[AI underlying logic] - Chapter 7 (Part 2): Computing resources & software code sharing

Continuing from the previous article...

Table of contents

Continuing from the previous article...

3. Computing resources

1. The first stage: data concentration

2. The second stage: resource cloudification

①Classification of “cloud”

②Virtualization technology

③Popularization of edge computing

4. Software code sharing

Summarize

  Highlights from the past:


3. Computing resources

Although the AlphaGo algorithm paper has been published, it is definitely a money-losing business to copy the second one from a commercial point of view, because it requires a large number of servers and data centers to support the algorithm implementation. For most AI applications, as long as it can be connected to the Internet, it can theoretically use nearly unlimited computing resources - turning physical resources (such as server equipment, computing nodes, storage nodes, network nodes, etc. ) Available on demand. This process has gone through two stages: data centralization and resource cloudification.

1. The first stage: data concentration

Data centralization : Build a large number of data center infrastructure and centralize data for use.

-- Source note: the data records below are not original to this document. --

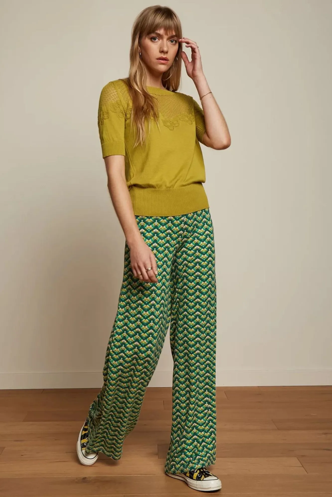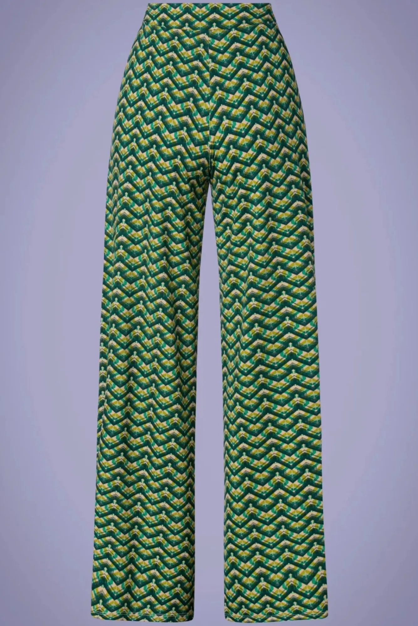 Een Fabulous Sixties Stijl Broek Met Het Comfort Van Een Legging? Yes Please! Deze Border Palazzo Brazza Pants In Jasper Green Heeft Een Hoge (Elastische) Taille En Lange Wijd Uitlopende Pijpen Waardoor Je Benen Eindeloos Lang Lijken. 😉 Uitgevoerd In Een Stevige Maar Soepele En Stretchy Ecovero Viscosemix, Voorzien Van Een Prachtige Retroprint, Die Heerlijk Draagt. Comfortabel Zag Er Nog Nooit Zo Goed Uit!
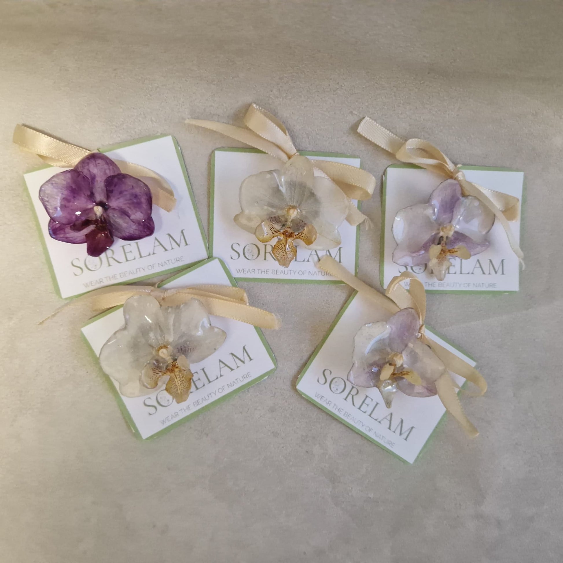 Set cinci brose cu flori naturale de orhidee.
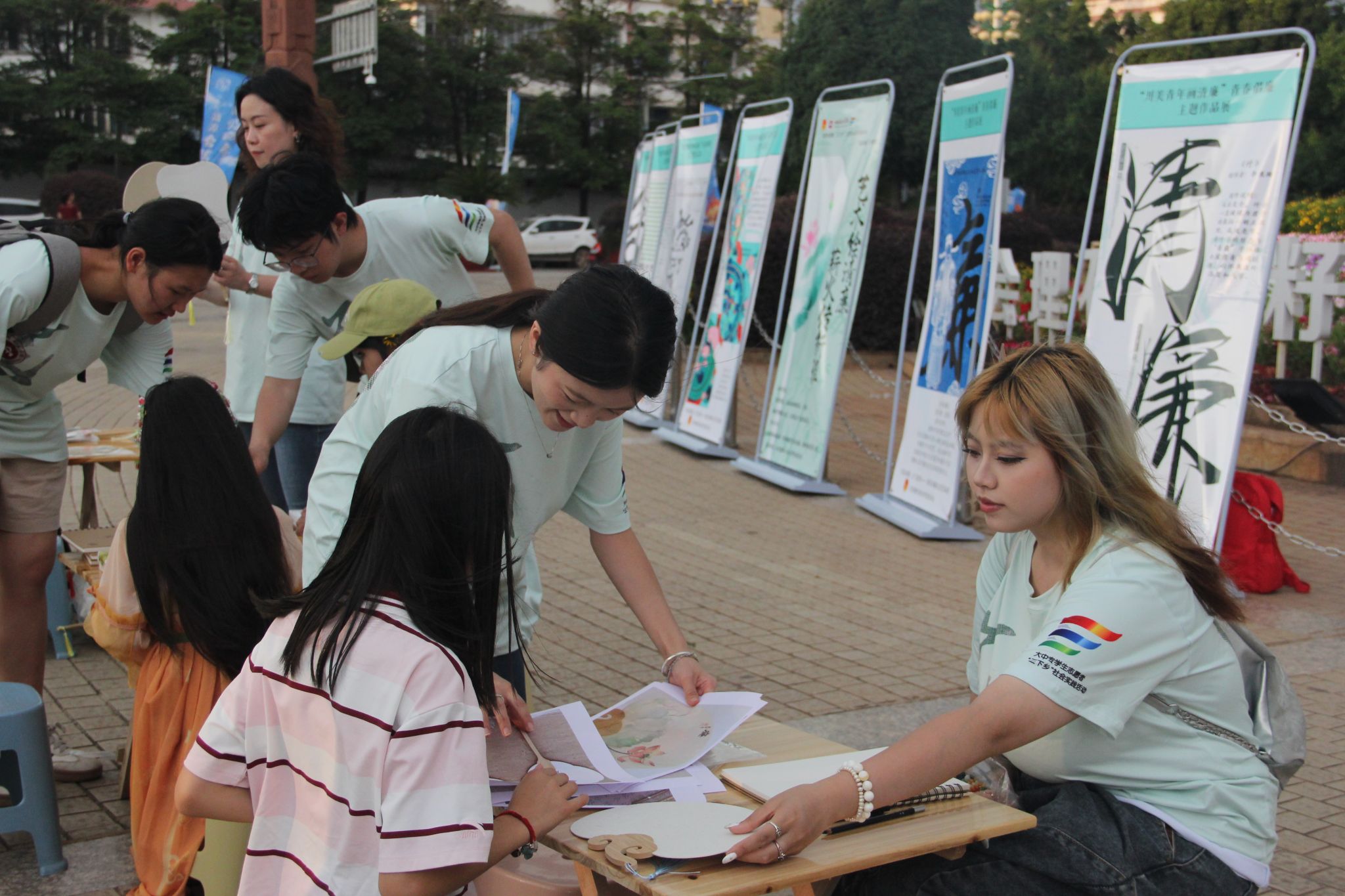在象征民族团结的石榴广场,实践团通过主题宣讲与互动创作形式将廉洁教育与艺术美育相结合。以书法、绘画、海报等多元艺术形式,生动阐释廉洁文化内涵,积极倡导尊廉、崇廉、学廉、守廉的社会风尚。师生与市民共同创作象征高洁的莲花,书写清风箴言,将爱国情怀与廉洁操守转化为可视可感的艺术风景,进一步拓宽了以艺术服务基层廉洁教育与爱国主义教育的思路视野。
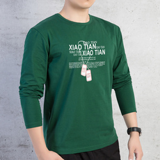 100%纯棉春秋男士长袖T恤圆领宽松大码秋衣男装上衣体恤打底衫
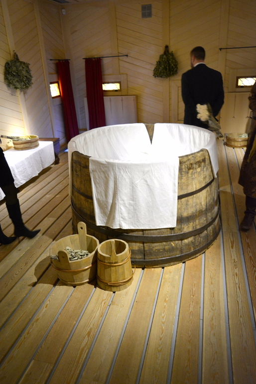 Можно посидеть и посмотреть фильм о царском трапезничестве.
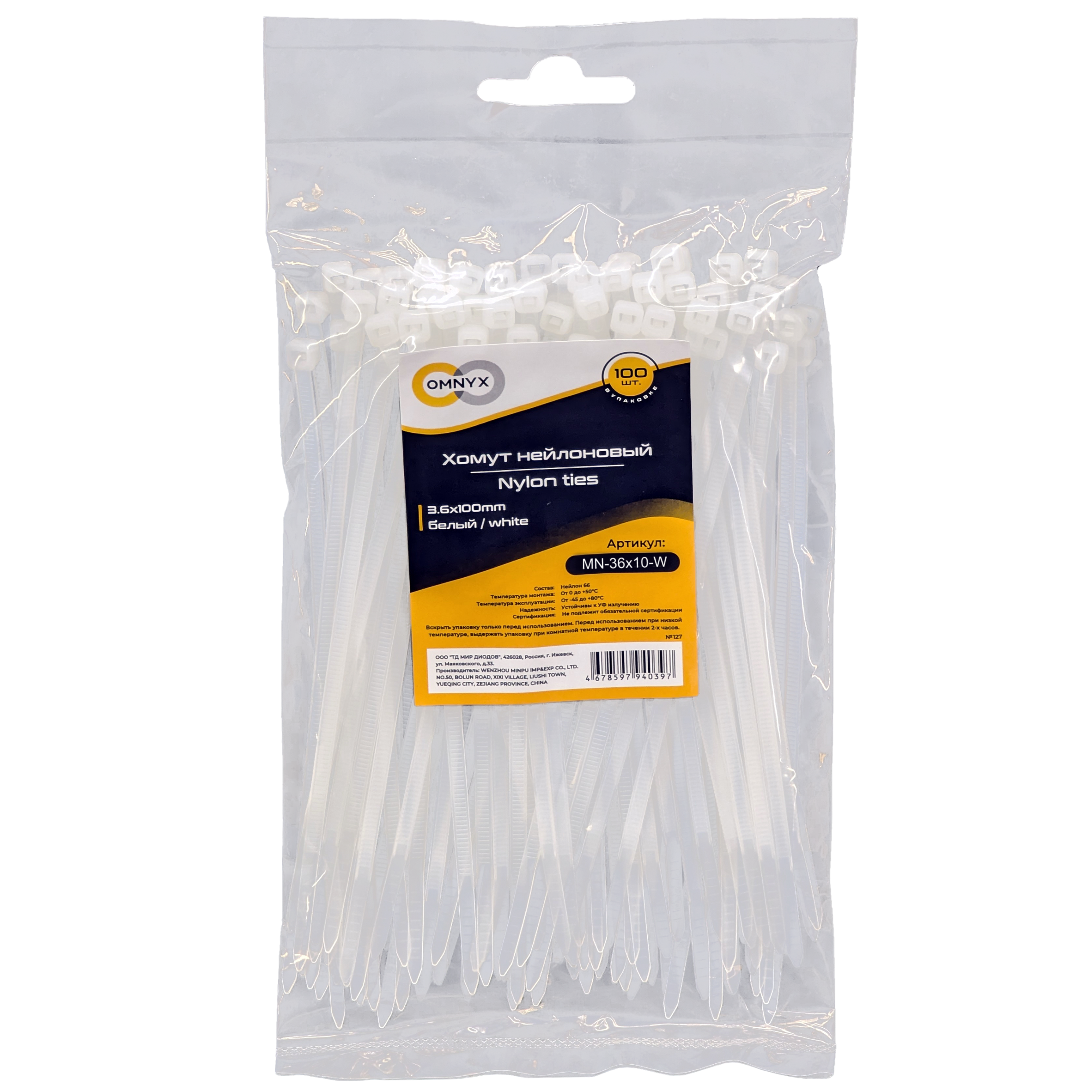 Хомут нейлоновый 3.6x100 белый 100шт Omnyx (300)

Data Center : Data Center, sometimes abbreviated as DC, such as the data center that provides Internet services such as website publishing, virtual hosting and e-commerce is called IDC (Internet Data Center), and the data center that provides cloud computing services is called CDC (Cloud Data Center). Center), others include Enterprise Data Center ( EDC ), Government Data Center ( GDC ), etc. ——There is no unified definition, but generally speaking, the broad sense of data center includes three levels of meaning :

① A physical space is an important infrastructure for enterprise information construction, providing the necessary physical place and supporting environment for the operation of information systems.

②A logical architecture , which is the IT application environment formed by the large data concentration of enterprises, and is the hub for providing IT services such as data calculation, processing, and storage.

③ An organizational structure , that is, an organization or team responsible for the operation and maintenance of information systems through centralized operation, monitoring, management, etc. (responsible for ensuring system stability and business continuity).

Energy consumption : Data centers are huge energy consumers. Currently, the industry has reached and exceeded 1% of global energy consumption, and its green energy-saving construction plan has also been put on the agenda. Natural resources such as water energy, wind energy, and solar energy can be used in data centers to save energy consumption!

2. The second stage: resource cloudification

Resource cloudification : resources such as computing and storage are also centralized and turned into virtual resources to provide external services .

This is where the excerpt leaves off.